Biometrics a cause for concern according to Calgary expert
by Cynthia Roebuck (feat. Thomas Keenan)
January 25, 2016
Information is being collected on us in a myriad of ways and there are few rules on its ethical use.
Imagine never having to remember a password again, yet knowing without a doubt that your data is safe from thieves. It sounds like a dream, especially with so many passwords to remember.
“Passwords aren’t working, we know the hackers are guessing our passwords, we know people are using the same passwords, there was just a study, lots of people using 123456 or Baseball or something like that,” said Tom Keenan, an expert in information and privacy at the University of Calgary.
Some companies are offering one solution. Biometrics measure things about us like fingerprints, heartbeats, our faces and even the way we walk or our body odor. That information can be used as a password or to customize products for your needs.
“Your phone will know it’s you. How will it know? It knows where you go. It knows your normal time of getting up in the morning. It maybe reads your heartbeat. So if your phone is stolen by somebody, it won’t work for the new guy,” said Keenan.

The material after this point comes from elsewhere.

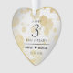 Feiern Sie mit diesem Gedenkschmuck den 3. Geburtstag der Lederhochzeit! Elegante, schwarze Schrift mit goldverstaubter sechseckiger Konfetti auf einem luxuriösen, weißen Lederhintergrund, umgeben von einer stilisierten Kontur eines Herzens in gedämpfter Goldfolie, verleihen diesem besondere Anlass und Meilenstein eine unvergessliche Touch. Passen Sie sich mit den Namen des Paares und dem Hochzeitstermin an. Umkehrung zeigt identisches Design. Design © W.H. Sim. Weitere Informationen unter zazzle.com/expressionsoccasions

The problem according to Keenan is that much of the collection and use of this information is not properly regulated, and could be used against us.
“A lot of people go out and do surveys and they say they have diabetes, they say they have high blood pressure, maybe they are going to get some coupons for the medicine that is relevant to them, that’s the upside,” said Keenan. “The downside is that data is sitting out there, so maybe someday you get turned down for a credit card. In Japan already, there is an app that some employees have to have on their smartphones to see if they fall asleep at their desk.”

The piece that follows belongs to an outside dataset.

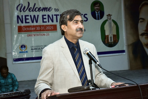 FAISALABAD Oct 30: Today’s era is an age of global competition and world is advancing at an unprecedented pace and only those nations are progressing that prepare their youth with research, technological skills and innovation. It was said by the University of Agriculture Faisalabad (UAF) Vice Chancellor Prof Dr Zulfiqar Ali at opening session of two-day orientation for the newly-admitted students in UAF at Iqbal Auditorium arranged by Directorate of Students Affairs. Talking to the students, he urged them to turn all stones for acquiring knowledge for the uplift, dignity and honor of country as was envisioned by Quaid-e-Azam Muhammad Ali Jinnah. He said the future of the country reins in the hands of the youth who are future leaders and beacon of the change in the society. He said that books are the best companion and students should spend their maximum time with the books. He stressed upon them to devote their energy and time in acquiring education which is a guarantee of the prosperity in life. He added that no nation can make the development without the skilled and quality manpower. He said that the country was blessed with tremendous talents. There is a need to tap the potential. He said that the country was running through the difficult times in terms of intolerance, poverty and other challenges. He said UAF, having global recognition, is listed as world’s 34th best university in QS ranking in agriculture and forestry. He said that varsity was making all out efforts to ensure the quality education and to provide the state-of-the-art facilities to the students. He added that the university was providing scholarships to 40 percent of the students. He said that university was putting a special focus on the research in order to address the problems of the farming community, civil society and industry. He said that only the knowledge-based economy was vital to compete with the rest of the world. All Deans shared comprehensive overviews of their respective academic divisions. They highlighted the diverse programs, research opportunities, modern facilities and practical learning environment. They encouraged students to actively engage in academic, research and co-curricular activities to assure continuous guidance and support throughout their educational journey. Deans Dr Ghulam Murtaza, Dr Anjum Munir, Dr Qamar Bilal, Dr Shahid Mehmood, Dr Amer Jamil, Dr Zahid Abbas, Dr Shazia Ramzan, Dr Waqas Wakil, DG Food Sciences Dr Issa Khan, Dr Kasab, Director Student Affairs Dr Nadeem Abbas, Senior Tutor Dr Shoukat Ali, Chief Hall Warden Dr Anwar ul Haq, Chief Hall Warden Female Dr Sidra Ijaz, Chairperson Female Sports Bushra Sadia, Registrar Dr Asif Kamran, Treasurer Zeeshan Ishfaq Bukhary, Controller Examination Muhammad Tariq, PO Students Affairs Dr Riaz Virk, Director Financial Assistance Dr Nazia Ehsan, and other notable are briefing about the university rules and regulations, academia and research.

Keenan says not only could biometric information be used to spy on people, it can also be used to manipulate them.
“The company that makes Oreo cookies, Mondelez International, is going to bring out smart shelves that track you as you move through the supermarket,” he said. “They will look at your body mass index, your approximate age and your gender, and if you look like a good candidate to buy Oreo cookies, you might get a two for one coupon.”
Keenan says people should be wary of using the new technologies until privacy laws catch up.